Immunolocalization of ASIC2 and ASIC3 in DRG. (A) Staining of DRG with ASIC2-N antibody; (B) staining with ASIC2-C; (C) double staining with ASIC2-N (red) and ASIC2-C (green); (D) double staining with ASIC3 (green) and anti-peripherin monoclonal antibody (red) or with (E) antineurofilament 200 monoclonal antibody (red). (F) Double staining with ASIC2-C (green) and ASIC3 (red) antibodies.

Figure 6

Representative examples of acid-activated currents in oocytes injected with different ASIC cRNAs and in freshly isolated neurons from DRG. Recordings were obtained from outside-out patches held at −40 mV. Bars above traces indicate the change in pH₀. The spikes in the records are artifacts introduced by the change of solution. Bars indicate the scale for time and current amplitudes. Currents from ASIC1 (A), ASIC2 (B), ASIC3 (C), and ASIC2–3 (D) expressed in oocytes. (E) Currents with characteristics of ASIC1 in small cells from DRG. (F) Currents with characteristics of ASIC2–3 in medium-large DRG cells.

Figure 7

Frequency of ASIC channels in DRG neurons. Stack columns represent the frequency of finding various types of ASICs in outside-out patches from freshly isolated DRG cells. Cells were classified as small or medium-large by visual inspection under the microscope of the patch-clamp setup. Channels were assigned to categories according to the properties of inactivation, single channel kinetics, current sublevels, and block by ruthenium red. The conditions of the experiments were the same as in oocytes.

Figure 8

Dose-response curves of activation and inactivation of ASIC1 by increasing [H⁺]_o.
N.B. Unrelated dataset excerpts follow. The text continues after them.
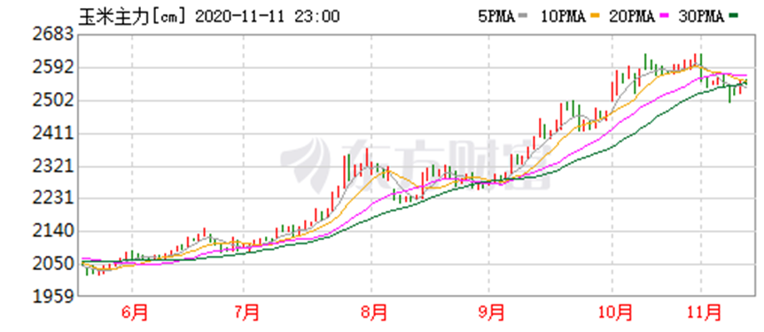國(guó)內(nèi)玉米主力合約一路走高(供圖:東方財(cái)富)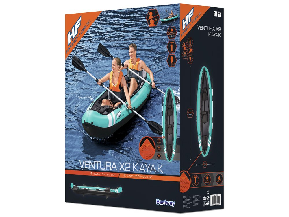 Nejnovější, velmi robustní, extra velký kajak Ventura X2, který byl vytvořen po vzoru vojenských kajaků, si dobře poradí ve stojatých i tekoucích vodách. Bude nepostradatelný při kanoistice na řekách, jezerech nebo jednoduše během letní dovolené u moře. S výtlakem 200 kg mohou kajak úspěšně používat dvě dospělé osoby. Kajak je vyroben z velmi pevného PVC a má pevnou konstrukci, odnímatelnou podlahovou komoru s I-nosníkovou konstrukcí pro zajištění stability.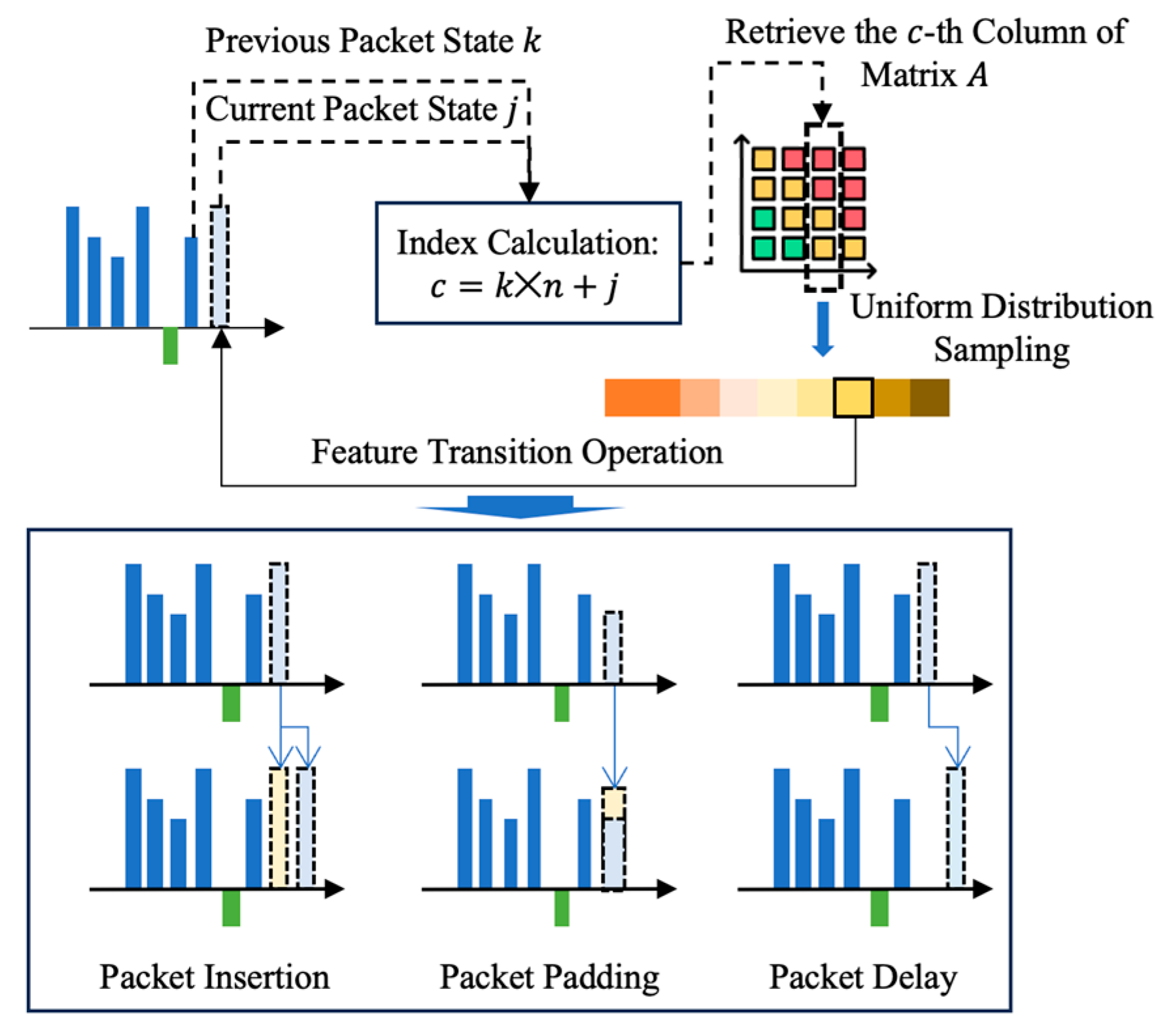 To accurately model the statistical and temporal dynamics of QUIC streaming traffic for covert data embedding, QuicCC-SMD employs a Markov chain-based transition probability matrix to characterize the evolution of traffic features over time. The transition matrix describes the likelihood of transitioning between discrete states, thereby capturing both packet-level temporal dependencies and statistical feature variations.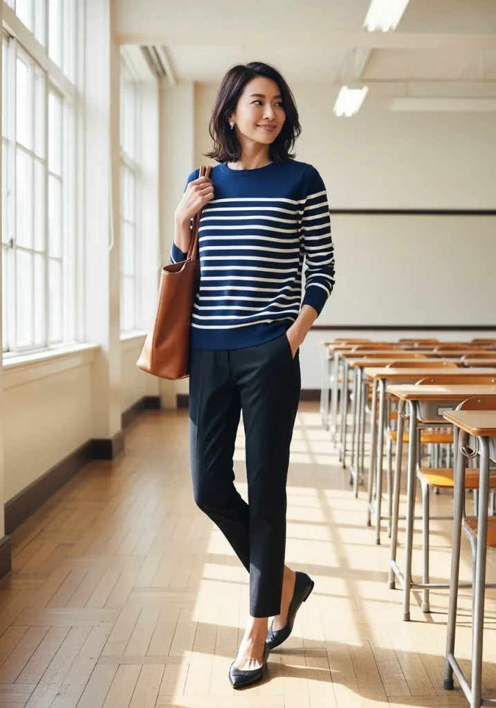 A striped sweater paired with ankle-length pants creates a relaxed yet polished classroom outfit that feels stylish without trying too hard. The stripes add subtle visual interest while keeping the overall look classic and timeless.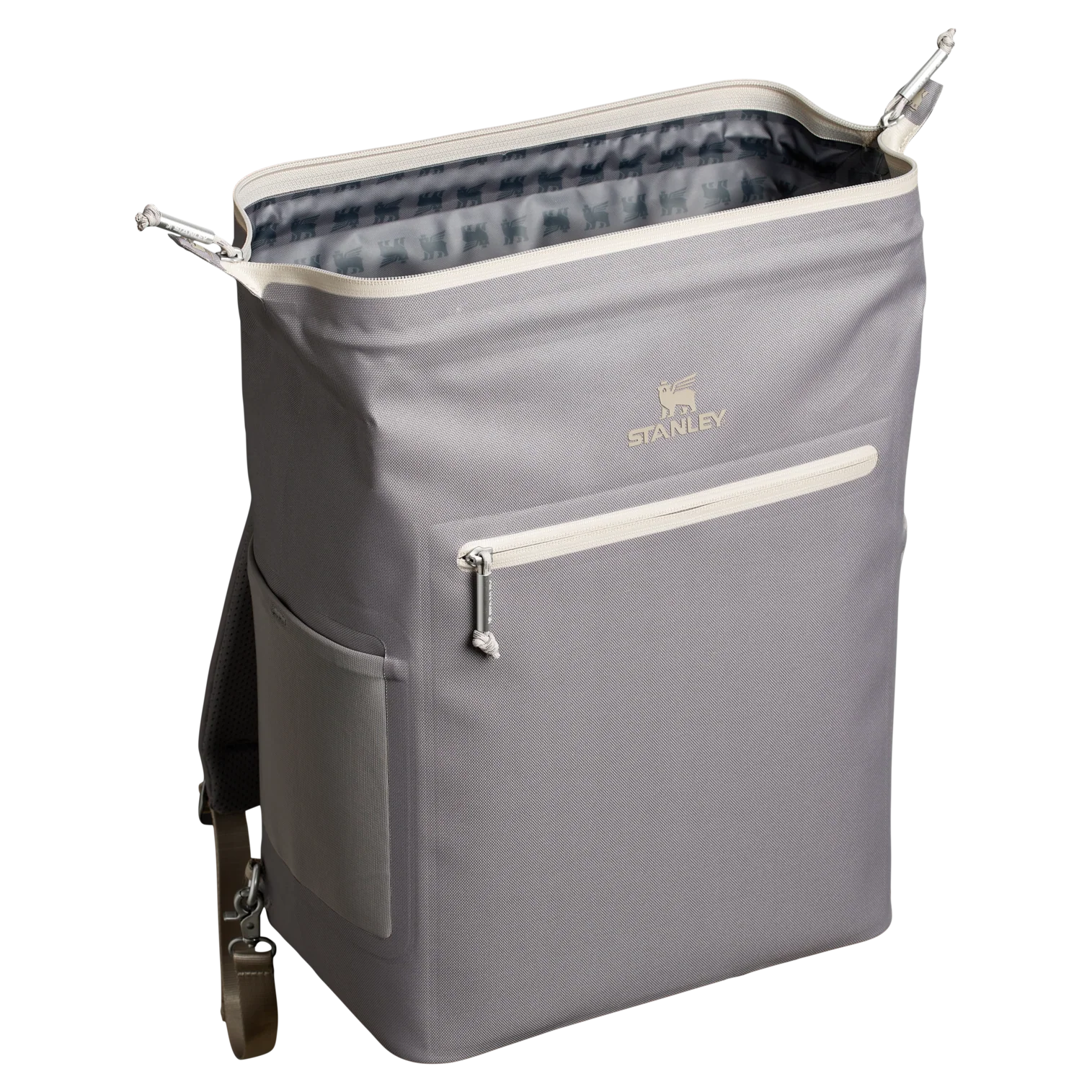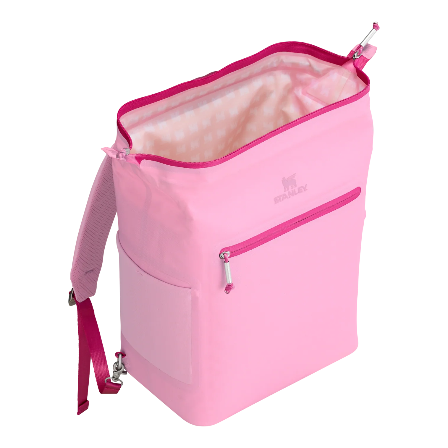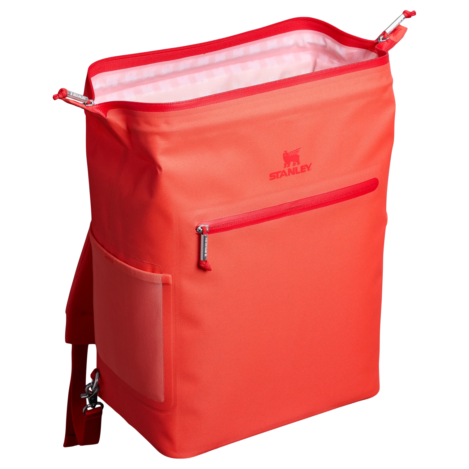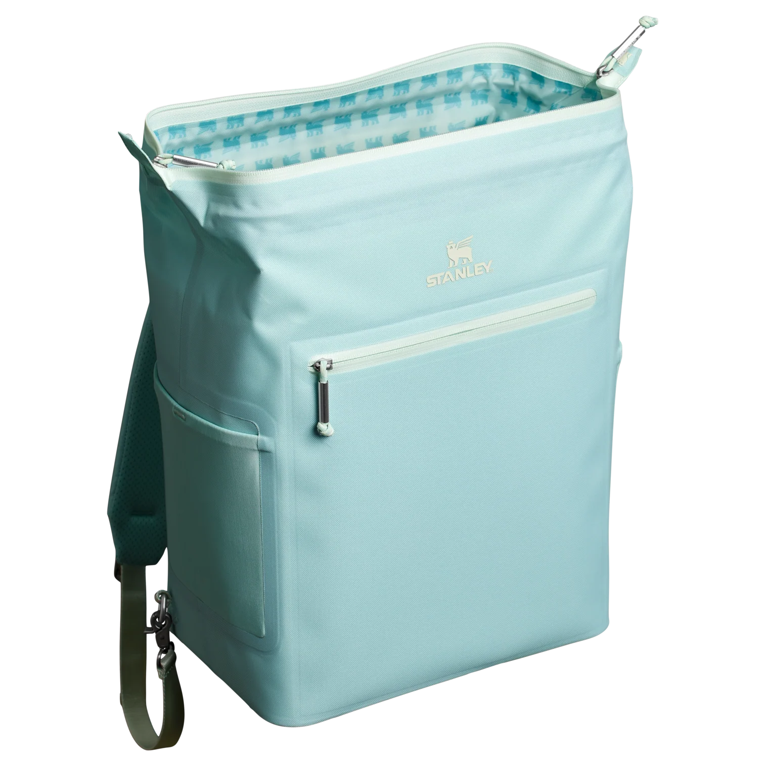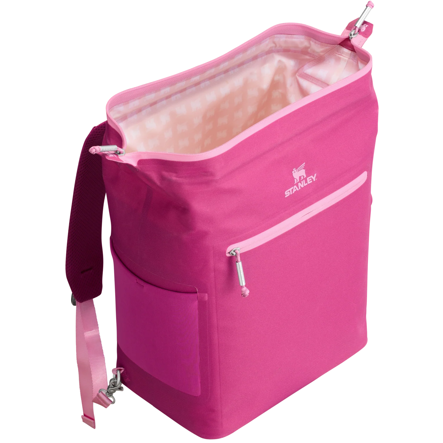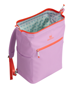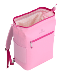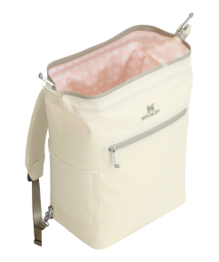 With a 20-can storage capacity, the All Day Madeleine Midi Cooler Backpack maintains the perfect chill for 24 hours. There’s even a mesh pocket designed to fit your Quencher or bottled beverage of choice. The unique “doctor’s bag” hinge top pops open to help with unpacking, and padded straps make carrying more comfortable. Load up with reusable ice packs, pop it shut and the sturdy zipper keeps it all safely stored. A discreet zipper pocket on the cooler’s back helps to protect valuables. From smoothies to fresh sandwiches, your favorite wine and beverages are ready to share. Don’t forget to pack all your favorite snacks and drinks in Stanley style.

Whole-cell currents from oocytes expressing ASIC1 were recorded with the two-microelectrode voltage-clamp technique. (Left) Currents induced by stepwise decrease in pH_o were normalized to the maximal value obtained when the pH_o was rapidly changed from 7.4 to 4.0. The solid line represents the fit of the data to the equation I_Max = 1/(1 + [(K_d/pH_o)^N] with values for K_d of 5.3 and N of 1.3. (Right) Currents induced by changing the bath solution from progressively more acidic conditioning pH_o values to a constant pH_o of 5.0. Data points represent the mean ± SD of at least four oocytes.